4.2. Quantitative Environmental Performance Indicators in Waste Disposal Systems

Comparative assessment of MSW disposal and treatment technologies relies on a structured set of quantitative environmental performance indicators. These indicators enable cross-technology benchmarking, scenario modeling, and policy evaluation across regional and international contexts [131].

However, indicator selection strongly influences perceived technological performance. Climate-focused metrics may favor energy recovery systems, while material-based indicators highlight recycling performance, and energy-based metrics emphasize thermodynamic efficiency. A multidimensional interpretation is therefore required to avoid biased technology ranking [132].
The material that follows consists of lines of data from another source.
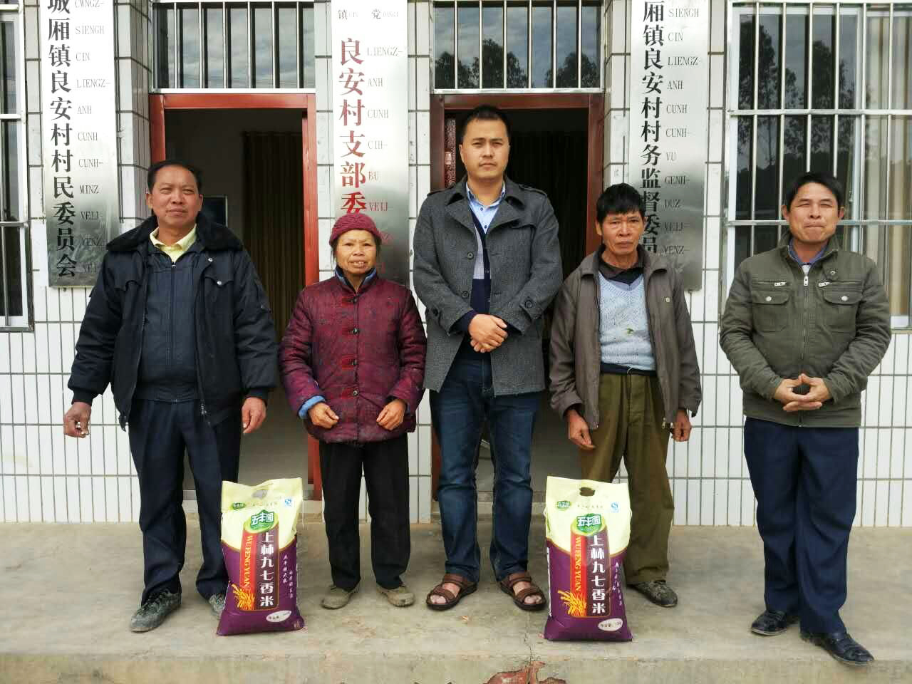 2016年1月24日,药学院党委副书记、分工会主席李豫萍在药学院工会委员李耀华老师、中药鉴定教研室主任田慧老师、药学院分团委书记王金兰老师和药学院学生党支部管海钦老师的陪同下,亲赴南宁市隆安县城厢镇良安村慰问精准扶贫识别工作队员——来自药学院的杜沛霖老师。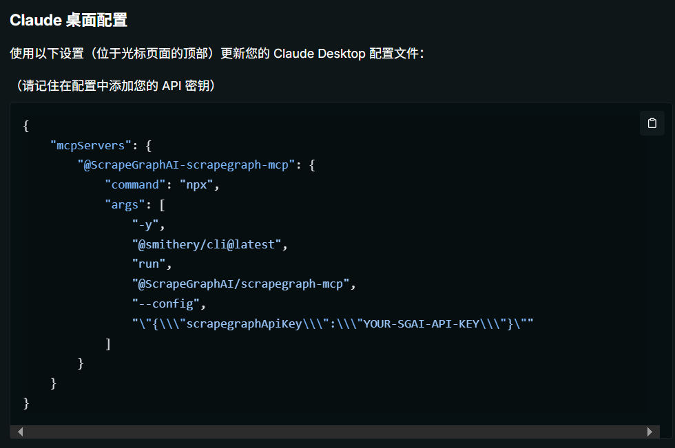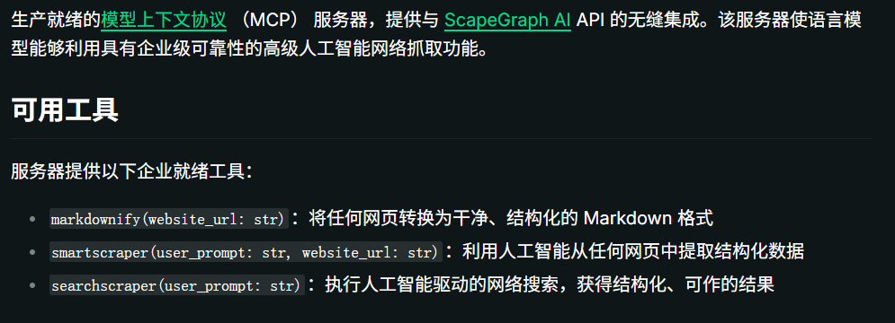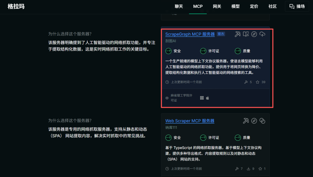 网站列出了所有可以实现实时网页爬取的服务器,还会表明为什么选择这个服务器。这里我选择了一个一个月前刚更新,官方版本的ScrapeGraph MCP Server。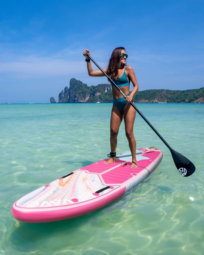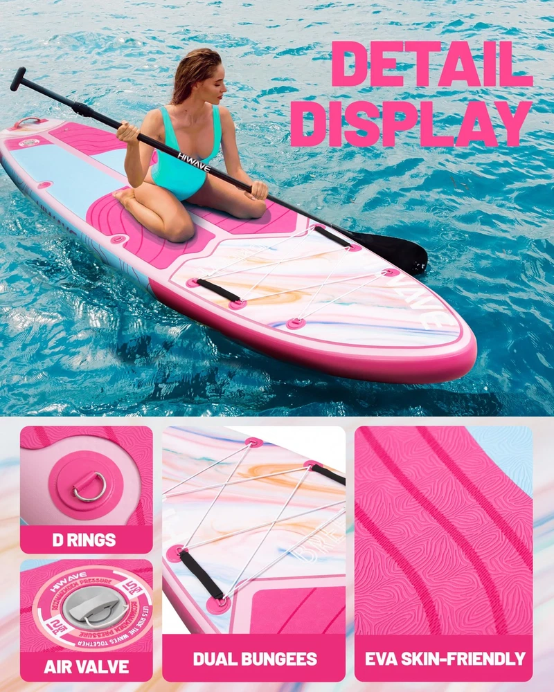 This inflatable paddle board is a game-changer! The extra-wide 34" design gives amazing stability, making it perfect for beginners and pros alike. It’s super lightweight yet handles up to 450lbs, and the non-slip EVA deck keeps you secure. The detachable fins enhance tracking, and it’s easy to carry and store. A must-have for water adventures!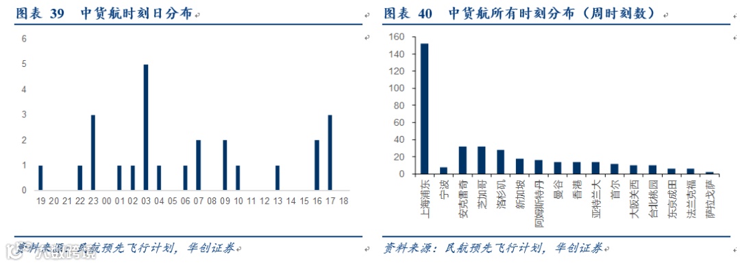 时刻:中货航为东航物流旗下全货机机队,统计时刻表,其25对时刻,全部为国际+地区航班,夜间时刻占比仅48%,上午7点到10点,下午4点与5点合计有10个时刻,占比40%。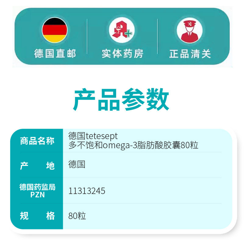 📚 德国tetesept多不饱和omega-3脂肪酸鱼油胶囊80粒 德国进口

Table 10. Quantitative environmental performance indicators used in MSW disposal and treatment assessment.

Indicator Type	Definition/Typical Unit	Technologies Commonly Applied	Comparative Evaluation Relevance	Refs.
Greenhouse Gas Emissions	t CO2-eq per ton of waste treated	Landfills, incineration, WtE, recycling	Core performance indicator; widely used in scenario modeling and international comparisons	[23,126,128,129,133,134]
Energy Balance/Efficiency	Net kWh or MJ per ton; exergy efficiency (%)	Incineration, gasification, anaerobic digestion, WtC	Fundamental for energy- recovery technologies; strongly influenced by system boundaries and displaced energy mix	[25,126,127,128,129,130]
Recycling/Recovery Rates	% of MSW recycled or valorized	Integrated MSW systems	Central component in circular economy benchmarking and urban performance assessment	[21,24,26,135]
Landfill Diversion/ Volume Reduction	m3 or % of MSW sent to landfill	All management systems	Key metric in landfill reduction policies and regulatory targets	[77,125,134,135]
Facility Emission Intensity	t CO2-eq per ton MSW (plant-level intensity)	Regional and facility-based assessments	Reflects technological maturity and local management capacity	[23,52]
Eco-efficiency	Ratio of environmental impact to economic benefit	Urban systems and regional scenarios	Enables integrated comparison of technological trajectories and optimization pathways	[23,134]
Advanced Exergy Indicators	Exergy destruction; exergo-economic and exergo-environmental indices	WtE plants and waste biorefineries	Emerging tools for integrated system design and thermodynamic optimization	[25]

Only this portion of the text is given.